Das Zentrum des Films – sowohl im geographischen wie symbolisch-spirituellen Sinne – ist ein dreckiger Tümpel nahe Sanadas Praxis, der von den Anwohnern als Müllkippe benutzt wird und allerlei Krankheiten als Brutstätte dient. Bereits für die eröffnende Titelsequenz, aber auch für viele weitere entscheidende Szenen gibt er den Hintergrund ab und wird zu einem strukturierenden Element des Films. Zugleich wird der Tümpel von Kurosawa – und von Sanada als seine Stimme im Film – als ein Symbol zur Verdeutlichung des physischen und psychischen Zustands der Charaktere aber auch des ganzen Landes benutzt.
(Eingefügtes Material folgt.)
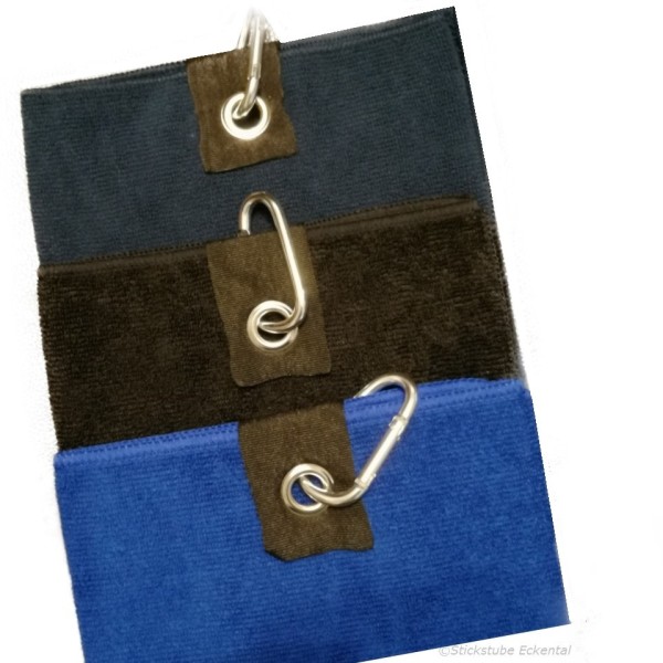 Die Ösen (12 mm ø) an meinen Golfhandtüchern sind hochwertig und werden von mir selbst mit einem Spezialwerkzeug angebracht. Die Verbindung mit dem Handtuch ist extrem stabil und hält höchsten Beanspruchungen stand. Auch nach unzähligen Waschvorgängen bleibt die Verbindung Öse/Handtuch bombenfest.
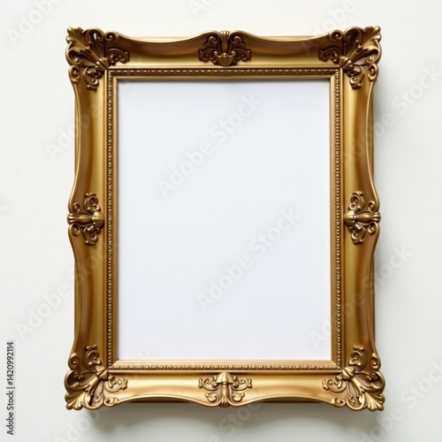 Blank white paper sheet inside a classic photo frame on white backdrop, wall, empty, copy

Um dieses Zentrum kreisen die Charaktere und definieren sich im Bezug darauf: Sanada, der das Übel erkannt hat, es bekämpft und andere auf den Weg der Besserung bringen will; Matsunaga, der sich in Passivität und Schicksalsergebenheit zurückzieht; Okada, der den Tümpel als sein Element sieht und sich das Übel zu nutze macht.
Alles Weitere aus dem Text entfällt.